HaMoked appeals to the Supreme Court: The Ministry of Interior must revise its procedures to ensure children of East Jerusalemites undergoing a status restoration procedure are not left without status
East Jerusalemites who were stripped of their permanent residency status – as part of Israel’s longstanding policy known as the “quiet deportation”
– and apply to the Ministry of Interior to regain their status, must undergo a procedure which lasts at least two years. During this period, the Ministry of Interior gives them temporary status, but not to their minor children who were born abroad. The children only receive tourist visas, which do not afford them access to health services and social security rights. Only after their original status is restored, can parents apply to legalize the status of their children – provided they are still minors. If the child has already turned 18, they are not entitled to any residency status in Jerusalem. The situation is even more harsh for children defined as “residents of the Area” (i.e. West Bank residents) under the discriminatory Citizenship and Entry into Israel Law
, which prohibits granting them any residency status in Jerusalem status if the request to register them is filed after they turned 14. HaMoked petitioned
the Jerusalem Court for Administrative Affairs in June 2019, in a bid to have these wrongful procedures revised, arguing that they disproportionately and unjustifiably infringe on the children’s best interest and their parents’ right to family life. Inexplicably, on February 7, 2021, the Court dismissed HaMoked’s petition in its entirety. This, despite the fact that the judgment only explicitly dismissed the first of the three remedies sought in the petition – the one demanding that these children be given the same status as their Jerusalemite parent with whom they live. The judgement supported adoption of the second remedy, in which HaMoked demanded that the relevant date to determine a child’s eligibility for residency would be their age on the date their parents applied to regain their status, rather than the date of the child registration request. However, the judgement was phrased in an unenforceable manner, stating that: “in this context there is indeed room to change the procedure, as the petition presented a concrete difficulty the current procedure raises in this matter given the prolongation of the [bureaucratic] processes, without any answer being provided on behalf of Respondents regarding the difficulty and its justification. Therefore, the Respondents are to consider updating their procedures in this context”. The judgement did not address the petition’s third remedy, in which HaMoked demanded that alternatively, parents would be allowed to apply to legalize their children’s status at the same time as they apply to have their own status restored, and that the requests would be examined simultaneously.

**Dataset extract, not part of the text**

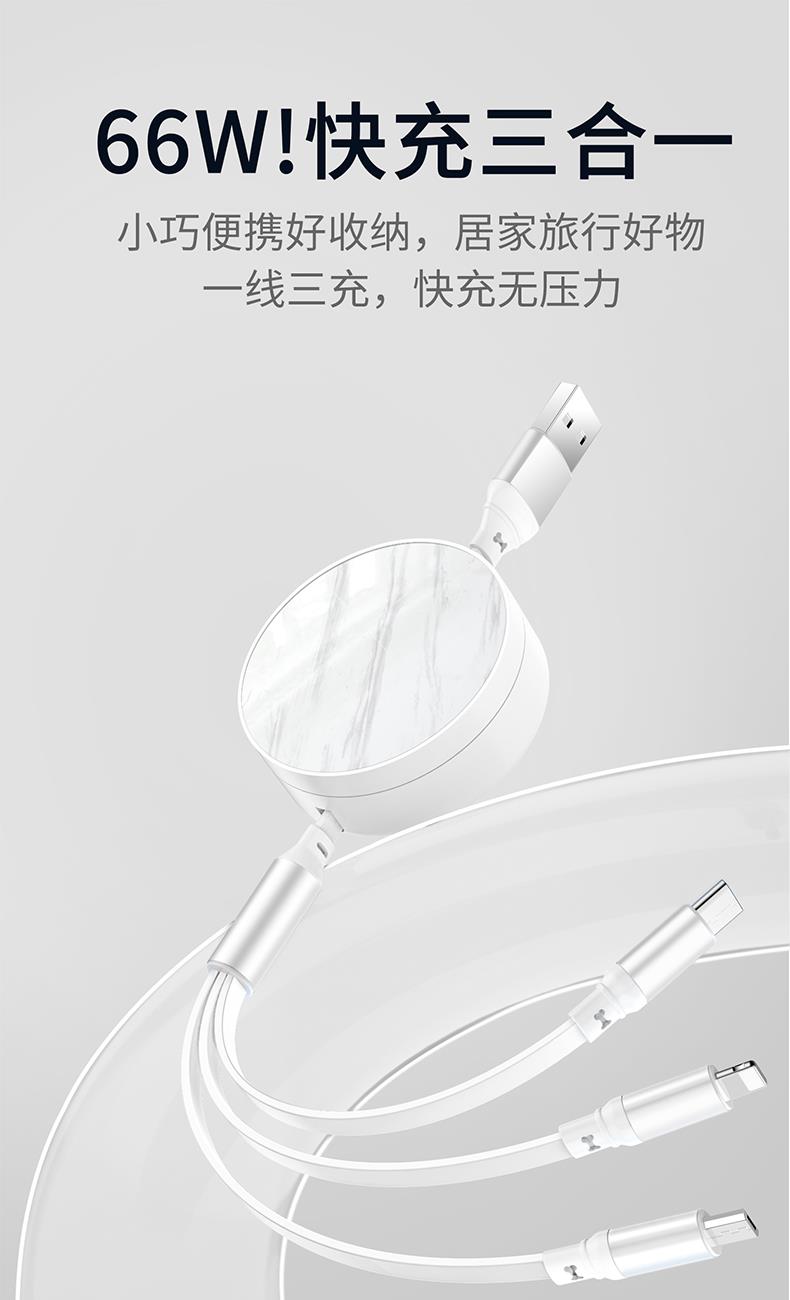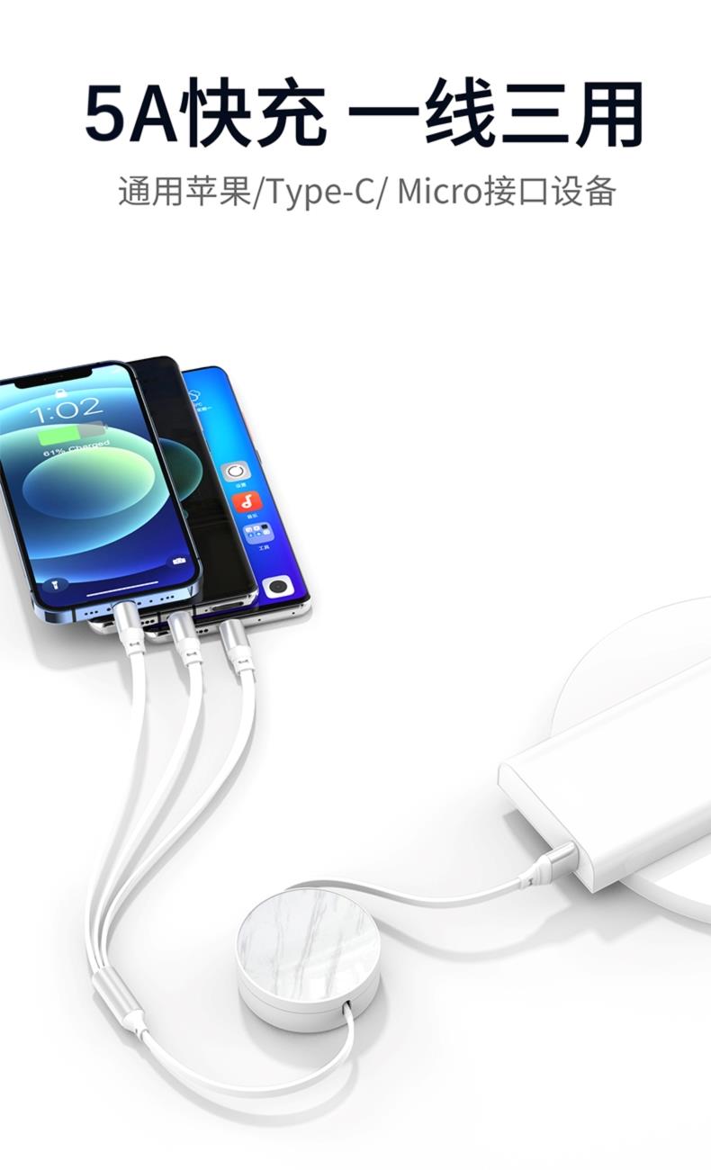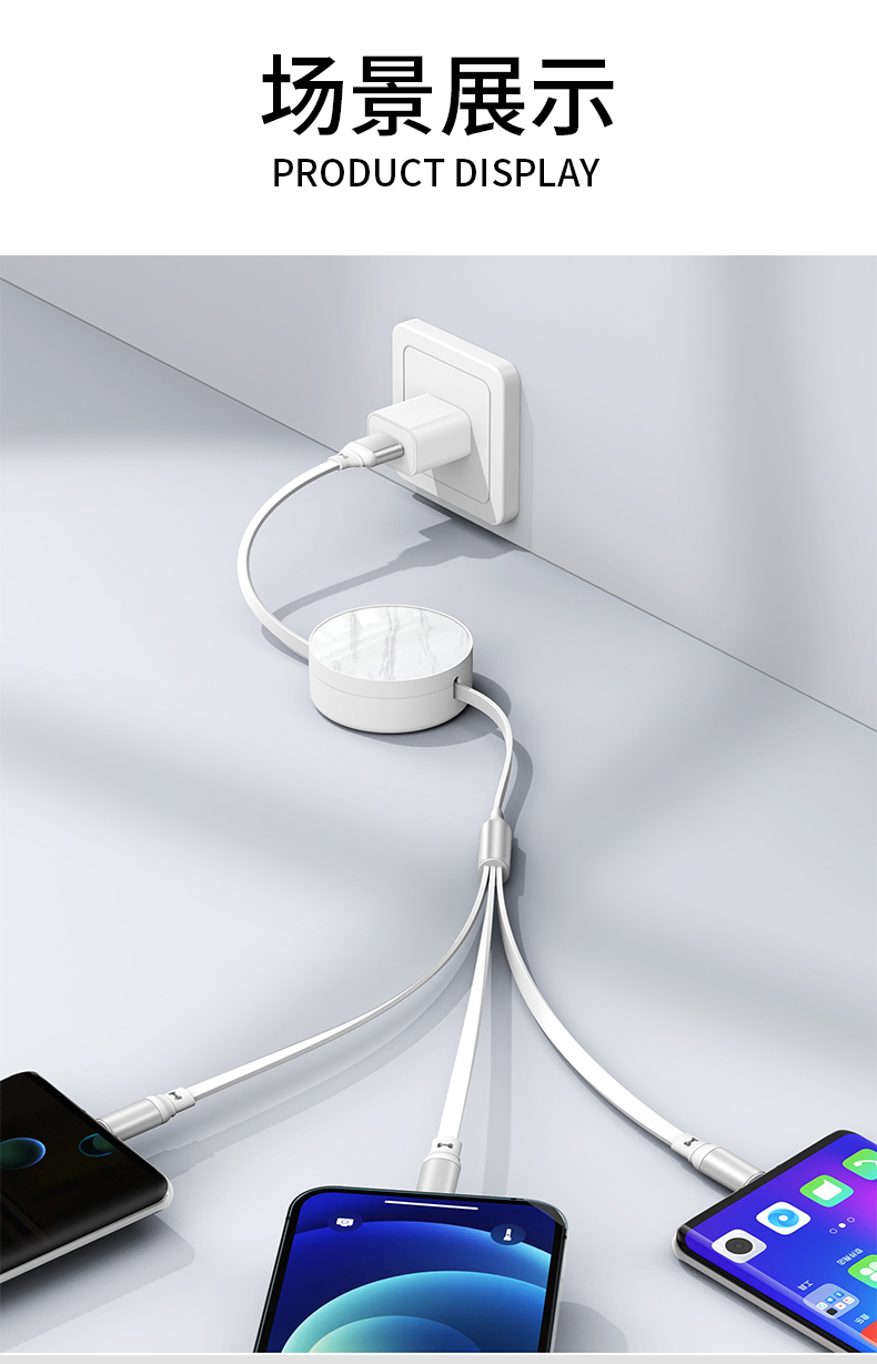 遥里逊一拖三快充伸缩数据线三合一伸缩充电线YLX-375

In March 22, 2021, HaMoked appealed to the Supreme Court to rule that the petition had been partially accepted rather than wholly rejected. Without such a ruling, it would be impossible to file a follow up petition should the procedures be left unchanged – a very real concern given the vague phrasing of the lower court’s judgment. HaMoked also requested that the Court compel the Ministry of Interior to revise its procedures regarding the decisive date for determining the child’s age and therefore eligibility for granting them status, and that the Ministry be given clear instructions how to implement the change.